## Exercise brief:
Please, from the entries below, transcribe exactly the lines that begin at the line with "- 냉동 핫도그, 만두, 어묵, 시리얼 전품목, 잼류 1+1 판매예정" and end at the line with "追隨總書(shū)記的腳步走", without the pictures.

## Supplied data:
Start of Block

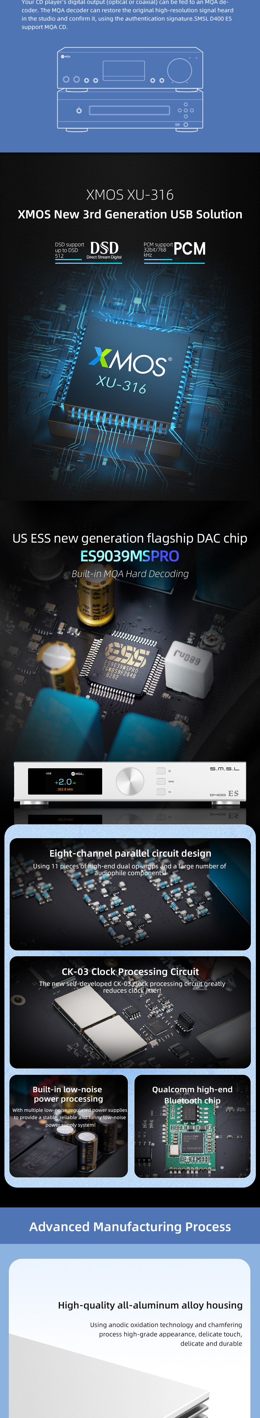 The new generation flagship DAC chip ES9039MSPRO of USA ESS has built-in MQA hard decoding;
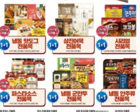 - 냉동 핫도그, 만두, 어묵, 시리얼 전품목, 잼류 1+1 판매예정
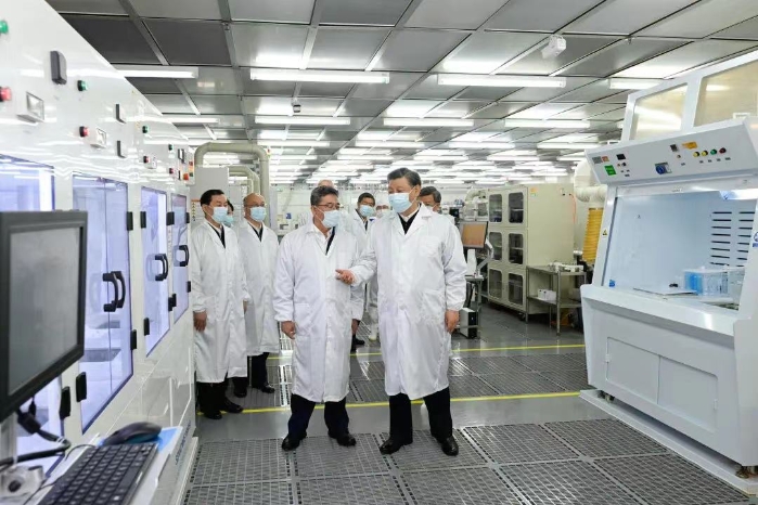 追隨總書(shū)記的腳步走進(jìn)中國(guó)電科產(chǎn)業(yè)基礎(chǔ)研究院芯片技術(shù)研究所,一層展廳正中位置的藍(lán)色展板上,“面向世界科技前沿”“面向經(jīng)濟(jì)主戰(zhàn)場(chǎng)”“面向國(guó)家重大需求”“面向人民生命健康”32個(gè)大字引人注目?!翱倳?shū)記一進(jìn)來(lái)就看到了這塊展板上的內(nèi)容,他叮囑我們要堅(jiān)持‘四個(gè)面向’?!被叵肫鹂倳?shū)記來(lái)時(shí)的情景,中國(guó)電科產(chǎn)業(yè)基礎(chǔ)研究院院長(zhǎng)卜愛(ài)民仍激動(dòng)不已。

End of Block
Start of Block

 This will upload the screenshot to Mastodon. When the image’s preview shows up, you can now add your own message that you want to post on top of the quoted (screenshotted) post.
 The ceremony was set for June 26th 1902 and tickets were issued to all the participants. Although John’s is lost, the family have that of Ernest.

End of Block

## Task answer:
 - 냉동 핫도그, 만두, 어묵, 시리얼 전품목, 잼류 1+1 판매예정
 追隨總書(shū)記的腳步走進(jìn)中國(guó)電科產(chǎn)業(yè)基礎(chǔ)研究院芯片技術(shù)研究所,一層展廳正中位置的藍(lán)色展板上,“面向世界科技前沿”“面向經(jīng)濟(jì)主戰(zhàn)場(chǎng)”“面向國(guó)家重大需求”“面向人民生命健康”32個(gè)大字引人注目?!翱倳?shū)記一進(jìn)來(lái)就看到了這塊展板上的內(nèi)容,他叮囑我們要堅(jiān)持‘四個(gè)面向’?!被叵肫鹂倳?shū)記來(lái)時(shí)的情景,中國(guó)電科產(chǎn)業(yè)基礎(chǔ)研究院院長(zhǎng)卜愛(ài)民仍激動(dòng)不已。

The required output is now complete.